You can try different pairs of CPU in the different p-cores:
 
0 & 1
2 & 3
4 & 5
6 & 7
8 & 9
10 & 11
12 & 13
14 & 15
 
to see which p-cores have a problem.
 
You can prove it is a CPU core problem, and not anything else in the system by running the compile without setting the affinity for comparison.
Link to comment
Share on other sites

Link to post
Share on other sites

I have been living under a rock, is this related to this?

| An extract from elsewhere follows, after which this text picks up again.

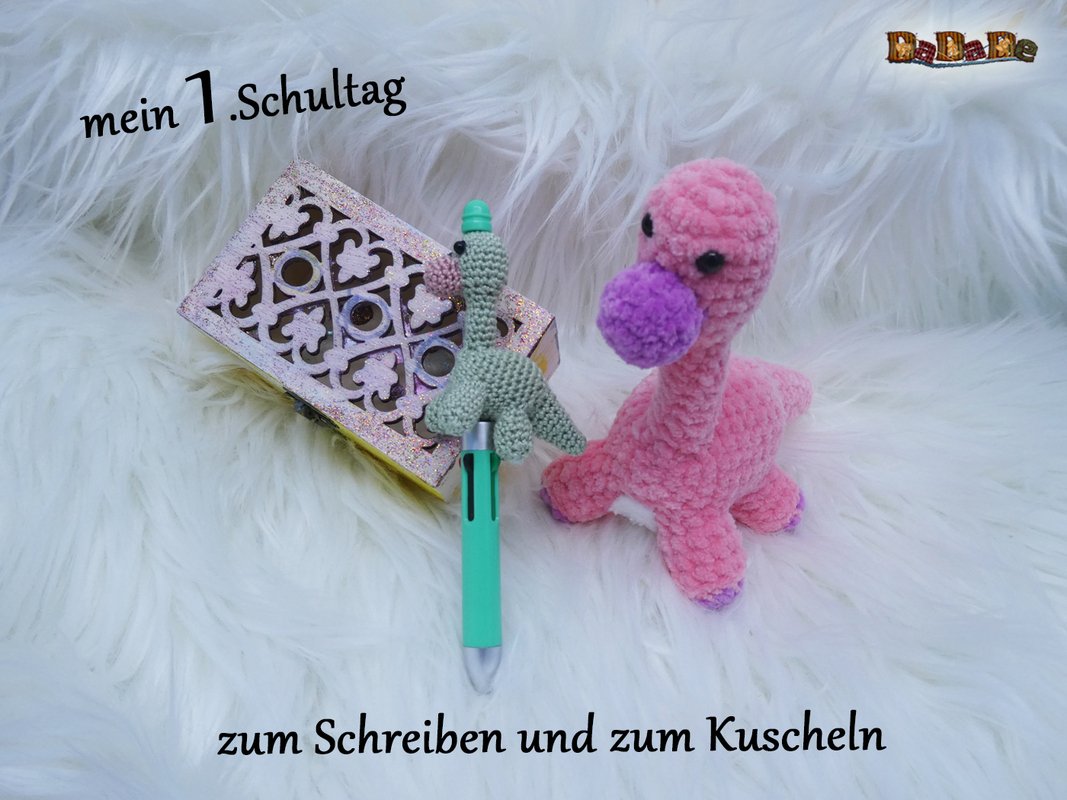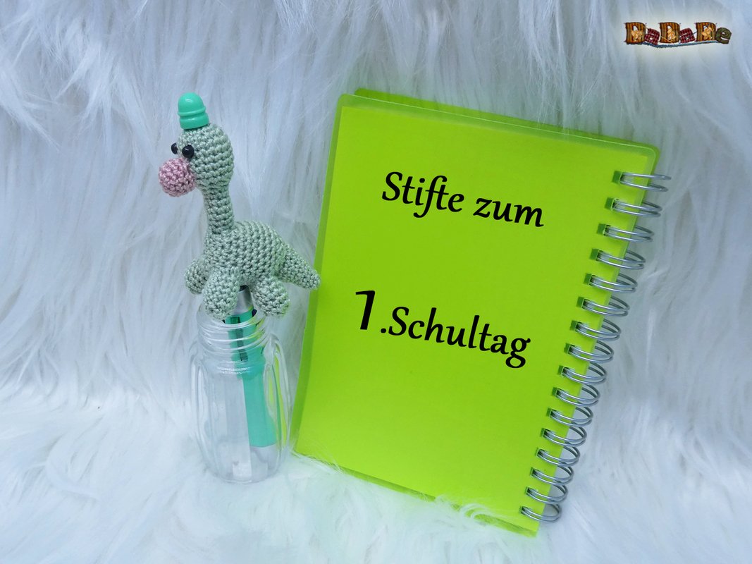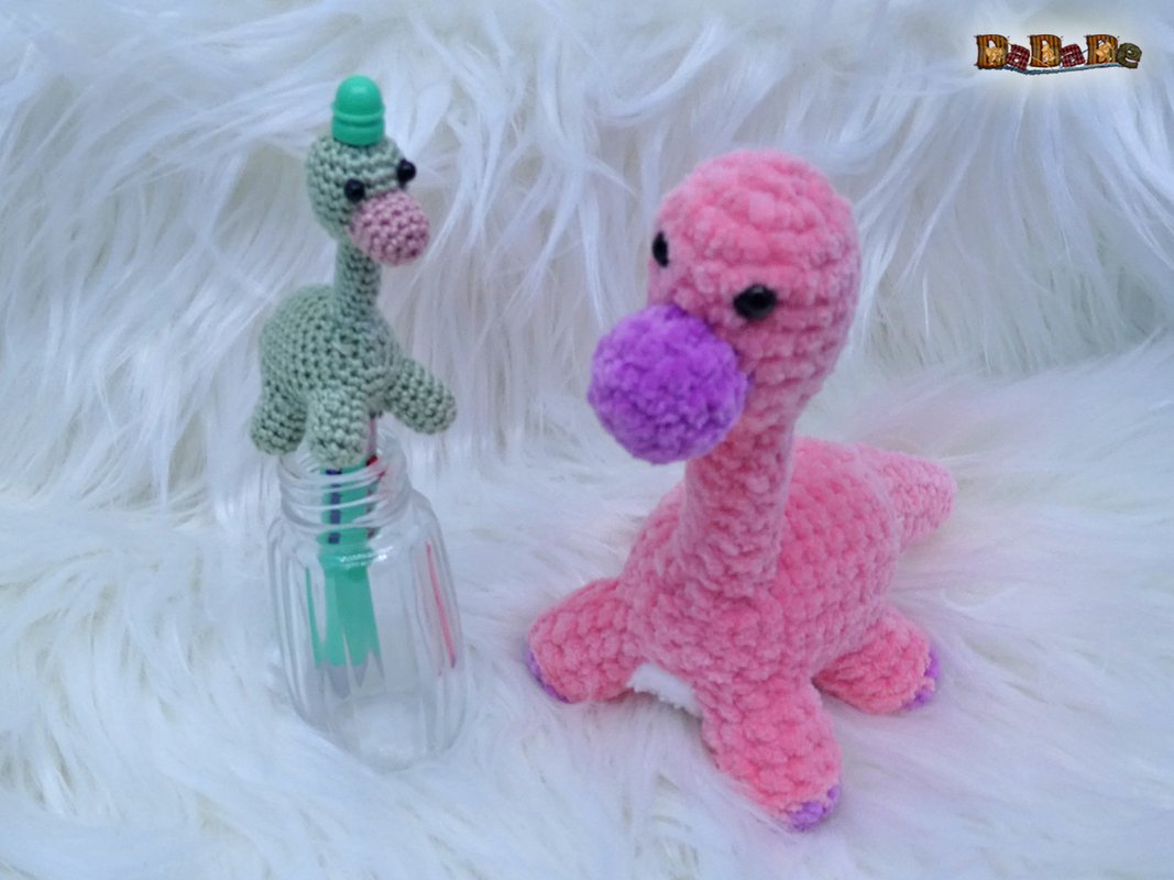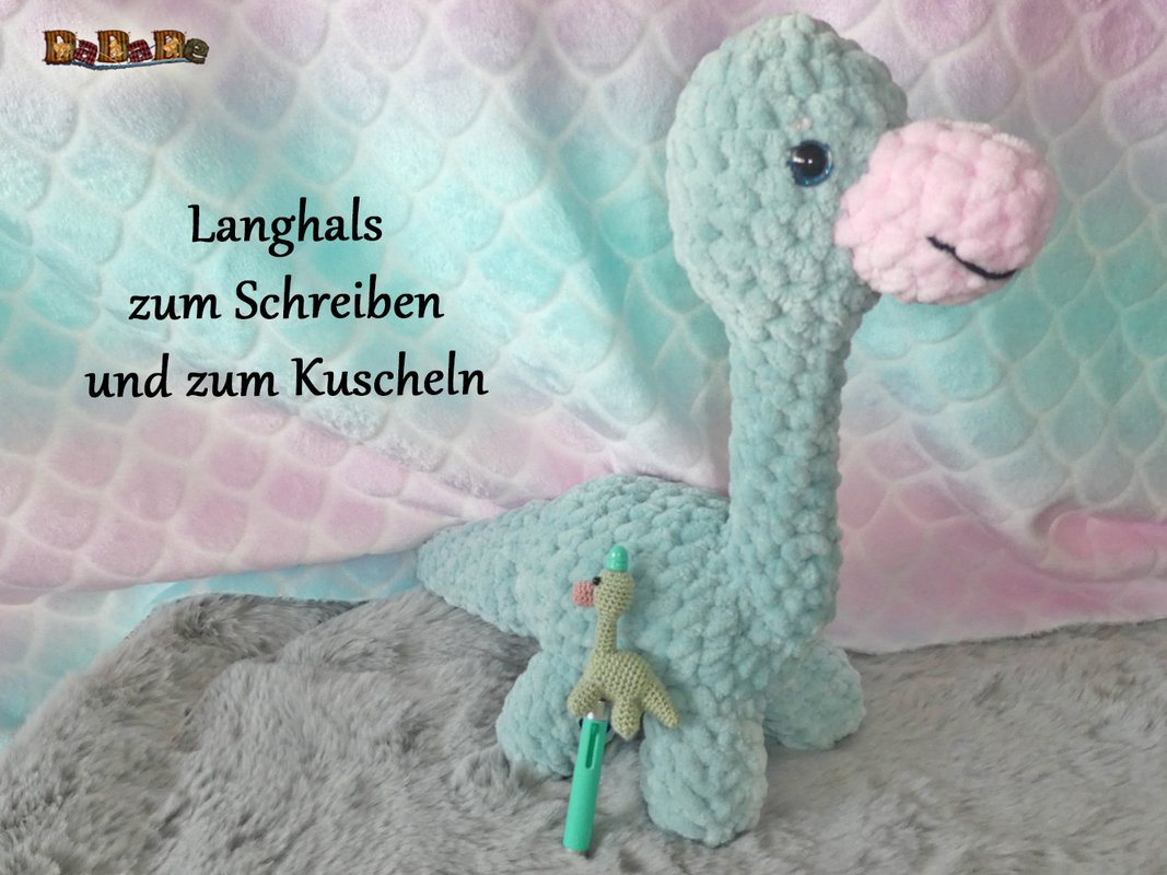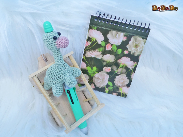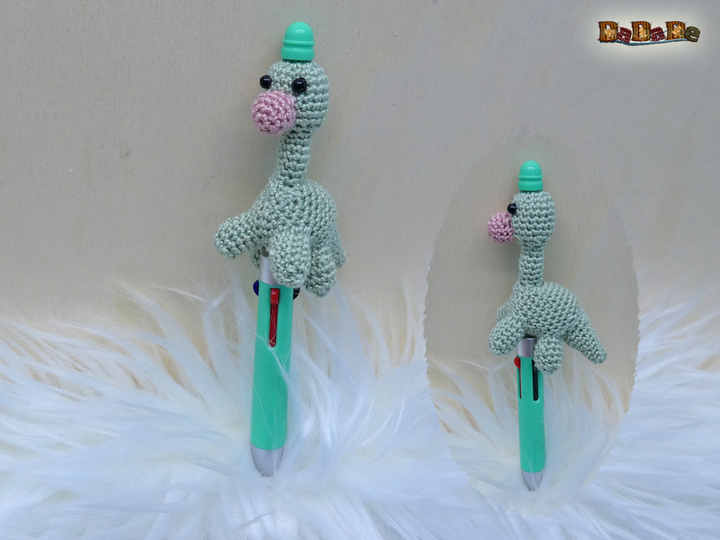 Sie kaufen hier die Häkelanleitung für diesen süßen Dino, der Langhals wurde designt für einen DIY-Kugelschreiber, deshalb ist er auch einfach gehalten, und für Anfänger geeignet.

mY sYsTeM iS Not pErfoRmInG aS gOOd As I sAW oN yOuTuBe. WhA t IS a GoOd FaN CuRVe??!!? wHat aRe tEh GoOd OvERclok SeTTinGS FoR My CaRd??  HoW CaN I foRcE my GpU to uSe 1o0%? BuT WiLL i HaVE Bo0tllEnEcKs? RyZEN dOeS NoT peRfORm BetTer wItH HiGhER sPEED RaM!!dId i WiN teH SiLiCON LotTerrYyOu ShoUlD dEsHrOuD uR GPUmy SYstEm iS UNDerPerforMiNg iN WarzONEcan mY Pc Run WiNdOwS 11 ?woUld BaKInG MY GRaPHics card fIX it? MultimETeR TeSTiNG!! aMd'S GpU DrIvErS aRe as goOD aS NviDia's YOU SHoUlD oVERCloCk yOUR ramS To 5000C18

 

Link to comment
Share on other sites

Link to post
Share on other sites

Yes. I believe the problem is the combination of hyper-threading and high-boost clocks. Setting the motherboard power limits will stop the high-boost clocks on all-core loads, and single-core loads won't stress both hyper-threads in the same p-core, so that's okay too.

 

The issue is that sometimes there are only two or three active threads, and if they both end up on the same p-core for some reason, the power limits won't help. This happens rarely, but it does happen, you may be testing for half a day to catch one failure. Loading cores one at a time makes it fail much faster.

 

The problem seems to be triggered by "compiler-like" loads, that's why it fails when compiling shaders for games. In this test I use bootstrapping GCC because this is a large compile which puts the core under load for a long time (about 1 hour), and also because it actually builds the compiler twice and makes sure they are identical, which catches any CPU errors that are not severe enough to cause a crash.

 

I am using WSL2 and Gentoo for the test because it includes all the tools necessary to build GCC in a single download, and is much simpler to set up than visual studio or really any other way to set up a toolchain that I have tried. Another benefit is the test is in a Virtual Machine, so it is much less likely to crash Windows and require a reboot.

Link to comment
Share on other sites

Link to post
Share on other sites

1 minute ago, keean_s said:

Yes. I believe the problem is the combination of hyper-threading and high-boost clocks. Setting the motherboard power limits will stop the high-boost clocks on all-core loads, and single-core loads won't stress both hyper-threads in the same p-core, so that's okay too.

 

The issue is that sometimes there are only two or three active threads, and if they both end up on the same p-core for some reason, the power limits won't help. This happens rarely, but it does happen, but you maybe testing for half a day to catch one failure. Loading cores one at a time makes it fail much faster.

 

The problem seems to be triggered by "compiler-like" loads, that's why it fails when compiling shaders for games. In this test I use bootstrapping GCC because this is a large compile which puts the core under load for a long time (about 1 hour), and also because it actually builds the compiler twice and makes sure they are identical, which catches any CPU errors that are not severe enough to cause a crash.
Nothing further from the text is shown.